Hail Rome, victorious in thy mourning weeds!
Lo, as the bark that hath discharged his fraught
Returns with precious lading to the bay
From whence at first she weighed her anchorage,
Cometh Andronicus, bound with laurel boughs,
To resalute his country with his tears,
Tears of true joy for his return to Rome. (1.1.70–76)
These are the first words Titus speaks in the play, as he makes his victorious return to Rome. These lines follow an introduction by his brother Marcus, who announces Titus’s arrival by stating: “A nobler man, a braver warrior, / Lives not this day within the city walls” (1.1.25–26). Marcus also gives the necessary context that Titus has taken part in five military campaigns, and each time “he hath returned / Bleeding to Rome, bearing his valiant sons / In coffins from the field” (1.1.33–35). This all establishes the Andronicus family’s honorable reputation as defenders of Rome. Titus is fully aware of this reputation, as indicated in the triumphal tone of these lines. Yet the evident pride he takes in his own loyalty to the realm will soon come under threat.
Hear me, grave fathers; noble tribunes, stay.
For pity of mine age, whose youth was spent
In dangerous wars whilst you securely slept;
For all my blood in Rome’s great quarrel shed,
For all the frosty nights that I have watched,
And for these bitter tears which now you see,
Filling the agèd wrinkles in my cheeks,
Be pitiful to my condemnèd sons,
Whose souls is not corrupted as ’tis thought.
For two-and-twenty sons I never wept
Because they died in honor’s lofty bed. (3.1.1–11)
Titus opens act 3 with these lines, which present a woeful plea to the tribunes to spare the lives of his sons Martius and Quintius, who have been sentenced to death for the alleged murder of Bassianus. Titus’s plea recalls that of Tamora in the opening act. And just as Titus responded to her cries for mercy with cold formality, the tribunes now file past Titus in stony silence. Yet in contrast to Tamora, Titus is poised to lose much more than a son. As this scene unfolds, he will learn that Lucius has been exiled, and that Lavinia has been horrifically mutilated. Aaron will also dupe him into chopping off his own hand to save his sons, only to learn that they’ve been executed anyway. The pageant of atrocities has therefore barely begun.
I knew them all, though they supposed me mad,
And will o’erreach them in their own devices—
A pair of cursèd hellhounds and their dam! (5.2.145–46)

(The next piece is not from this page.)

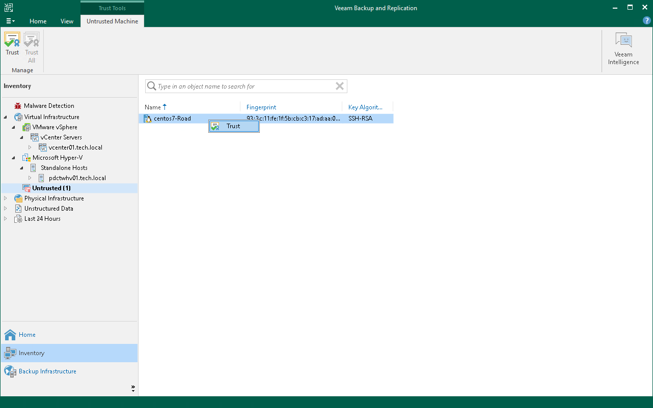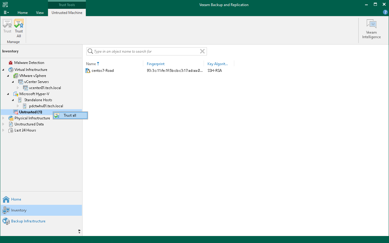 - To validate all untrusted Linux VMs at once, select the Untrusted node and click Trust All on the ribbon. Alternatively, you can right-click the Untrusted node and select Trust all.
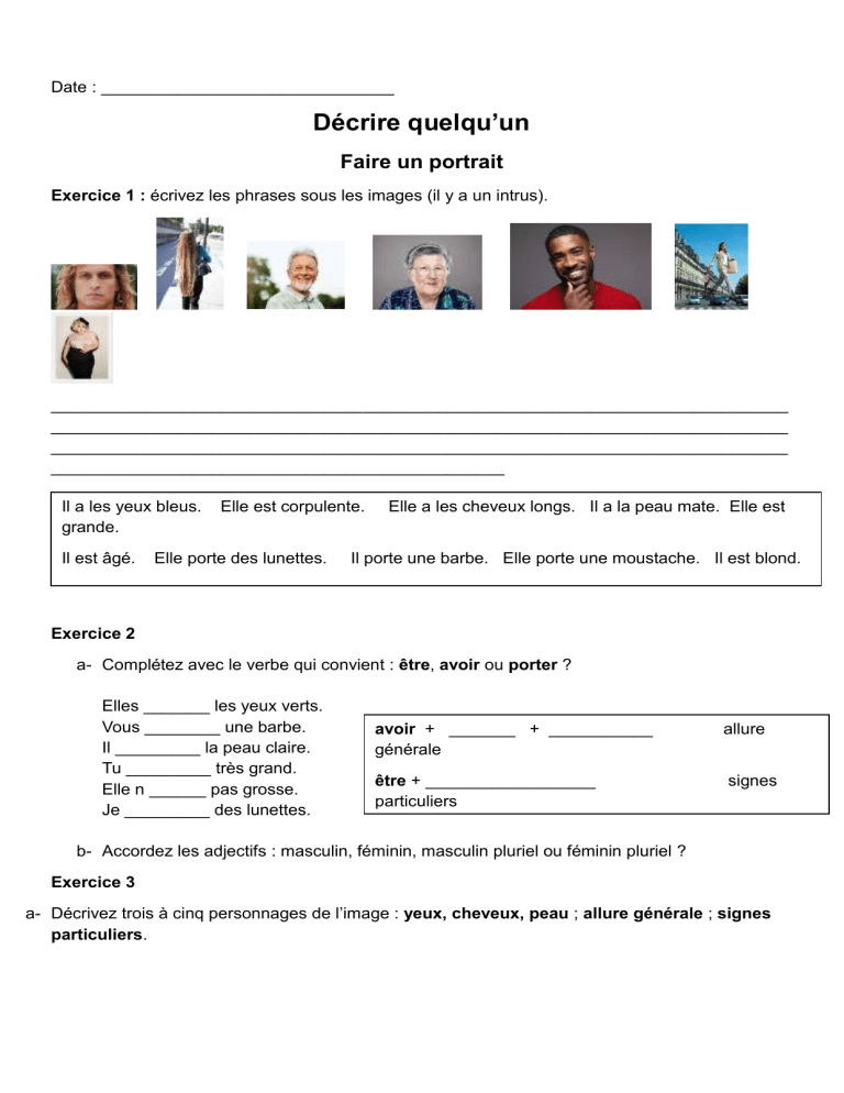 Exercice 4 : lisez ces trois portraits. Le signe (…) montre un extrait coupé.

Titus speaks these words as an aside near the end of an exchange with Tamora, who has shown up to his house disguised as “Revenge,” with her son in tow as “Rape” and “Murder.” This is a key scene in the play where Titus reveals that, contrary to what Tamora believes, he isn’t crazy. Rather, his apparent madness has been feigned as part of a larger revenge plot. Essentially, he’s lured Tamora into believing he’s lost his reason so that she would let her guard down and become overconfident. Thus, in this scene, even as Tamora believes she’s manipulating Titus, Titus is manipulating her. He is beating her at her own game—and not only that: he’ll “o’erreach them in their own devices” by killing her sons and trick her into eating them at the cannibal banquet to come.